Sam begs Charlie to play catch with him.
The romance genre is, and this shouldn’t be much of a surprise, a worn out genre. Dozens upon dozens of romance drama, rom-com, and any film centered on a love story have come at us in just the last decade. Some, like the odd but refreshingly different Her, take the concept of love and flip it on its head. Others, mostly the vast majority, throw a love story into a standard plot and out comes a movie. Charlie St. Cloud attempts to add the supernatural to a story about love and brotherhood, yet simply offers another corny outing that brings nothing new to the table.
Charlie makes a deal with Sam to play catch every day an hour before sunset, something that continues after Sam’s death.
Charlie St. Cloud (Zac Efron) is living the American dream. He’s an outstanding sailor in a coastal Washington town, has an adoring brother, and a strong, loving mother (Kim Basinger). While his mother is struggling to work extra shifts at the hospital, Charlie’s sailing scholarship will put him through school yet will take him away from his brother Sam (Charlie Tahan).
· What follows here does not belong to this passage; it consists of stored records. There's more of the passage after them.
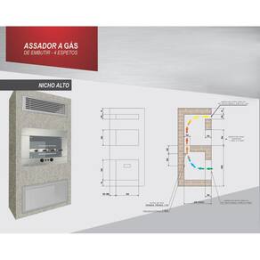 Descrição - Não produz fumaça; - 02 queimadores infravermelho; - Gabinete externo frontal MODULAR em aço inox AISI 304 escovado; - Bandeja coletora de gordura com frente de vidro; - Grade interna de apoio; - Controlador de queimador individual; - Válvula de segurança contra vazamento de gás; - Porta frontal de vidro temperado com sistema telescópico; - 04 Espetos rotativos com cabo TÉRMICO - Sendo 03 simples e 01 triplo; - Lâmpada interna; - Acendedor automático de fogo; - Espeto suportar 1,7 kg de carne.
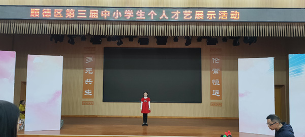 顺德区第三届中小学生个人才艺展示活动于2020年12月19日分别在顺德区实验中学和伦教中学隆重举行。我校3名选手在此前的陈村镇个人才艺比赛中脱颖而出,均以镇一等奖的佳绩参加这次顺德区决赛,比赛由舞蹈教师朱嘉,音乐教师何信非,语文教师海丹丹辅导并带队。经过激烈的角逐,我校学子在此次顺德区决赛中荣获两个一等奖和一个二等奖的好成绩。
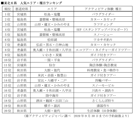 アクティビティジャパンでは、2019年9月30日までの予約数 統計データより、近年、特に訪日旅行者からの注目度が高まっている東北6県(青森県、岩手県、宮城県、秋田県、山形県、福島県)における人気エリア・種目ランキングと共に、最近の観光トレンドを注目プランとあわせてご紹介いたします。
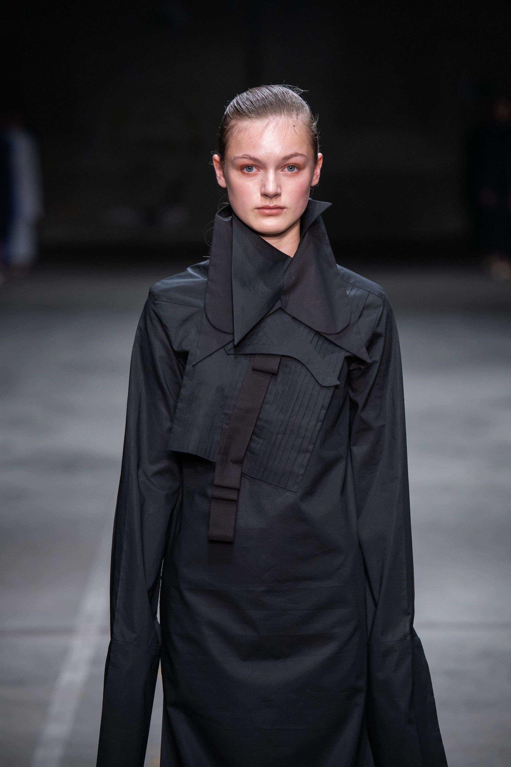 The shirtdress collection of HAESUNG BONG is a style of women’s dress that variates details from men’s dress shirts.
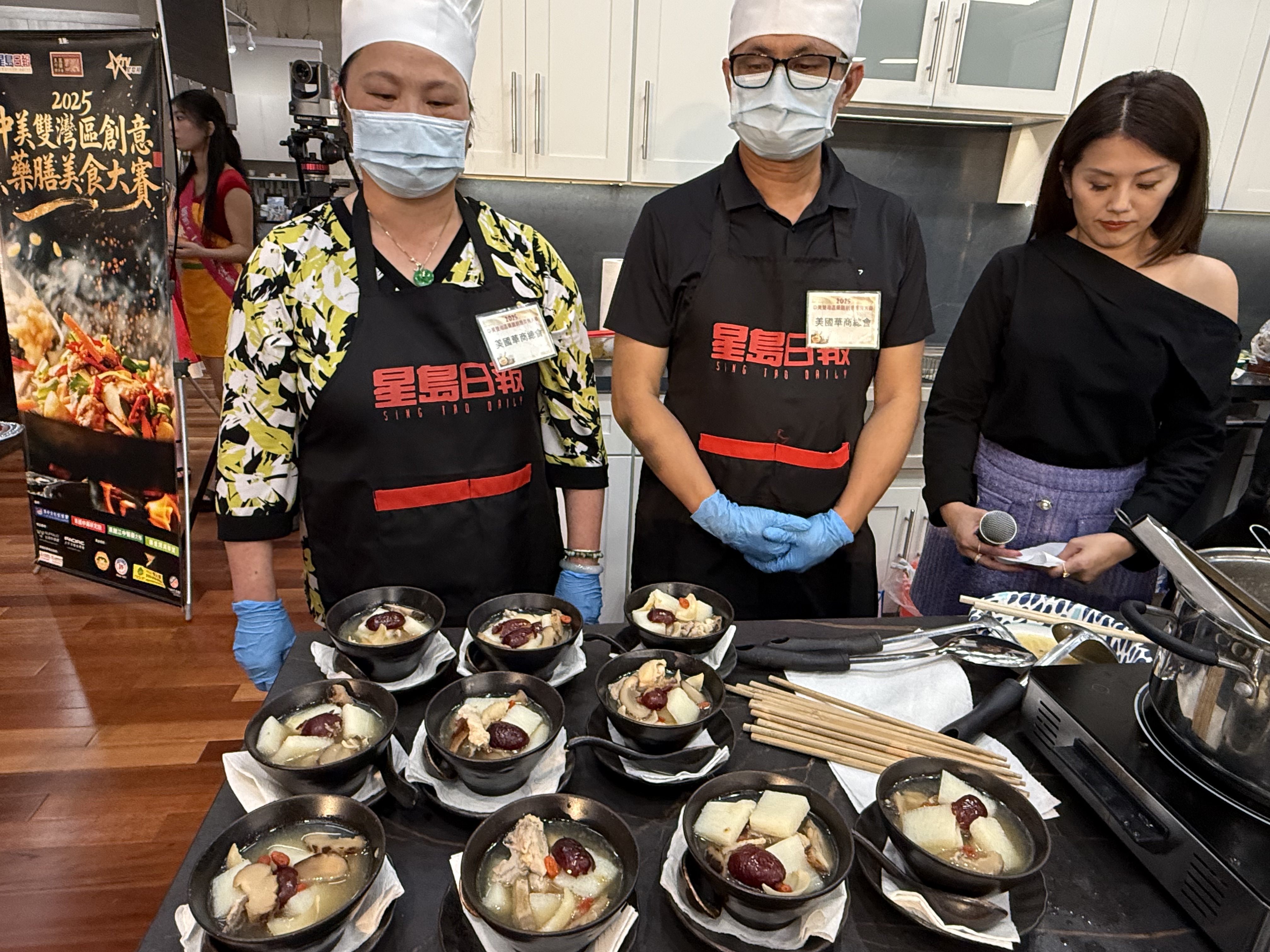 由星島日?qǐng)?bào)、星電視及美國(guó)中藥聯(lián)商會(huì)主辦的2025中美雙灣區(qū)創(chuàng)意藥膳美食大賽之舊金山灣區(qū)初賽,近日在舊金山成功舉行,比賽現(xiàn)場(chǎng)藥香與美食香氣四溢,氛圍熱烈。初賽決出6支晉級(jí)隊(duì)伍,將奔赴廣州參加10月18日~19日舉行的中美雙灣區(qū)藥膳大賽決賽。
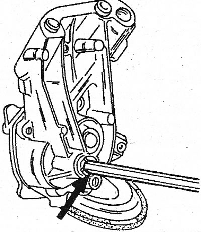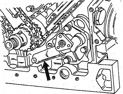 24. Снимите крышку насоса (см. иллюстрацию) и насос с блока цилиндров. Не бейте киянкой по детали, указанной стрелкой.
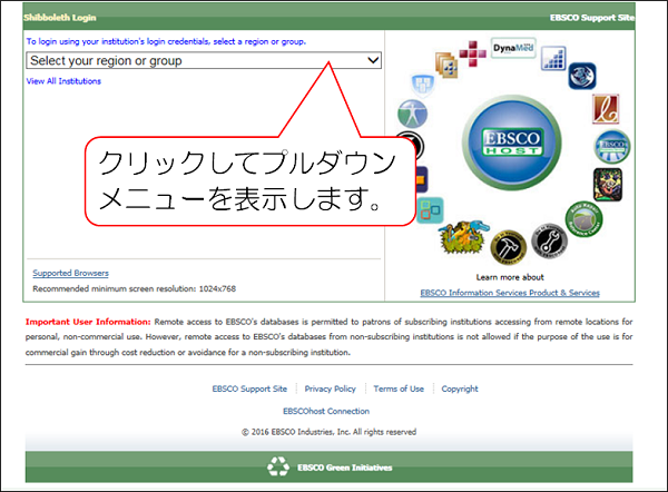 http://search.ebscohost.com/login.aspx?authtype=shib にアクセス
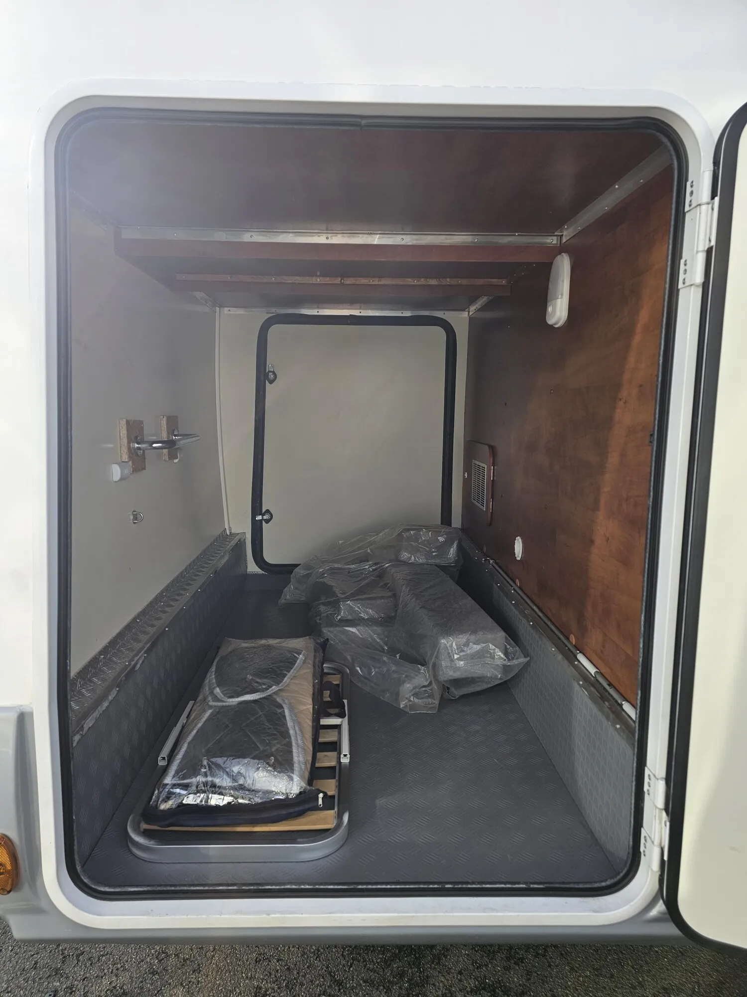 - Aufbautür mit einem Fenster, Abfallbehälter, Fliegenschutz und tiefen Einstieg

On the way to a graduation party, Charlie is driving his little brother to a friend’s house when they get into a terrible car accident. Charlie has an out of body experience holding his dying brother, is revived in the ambulance, and sees his brother has passed. Five years later, his college plans on hold, Charlie’s working at a graveyard and hangs out with his brother’s ghost every sunset to play catch. He meets Tess (Amanda Crew), a girl he sailed against in high school, and learns she’s planning on sailing around the world. The two fall for each other and Charlie must make a choice between moving forward with Tess or holding on to the memory of his brother.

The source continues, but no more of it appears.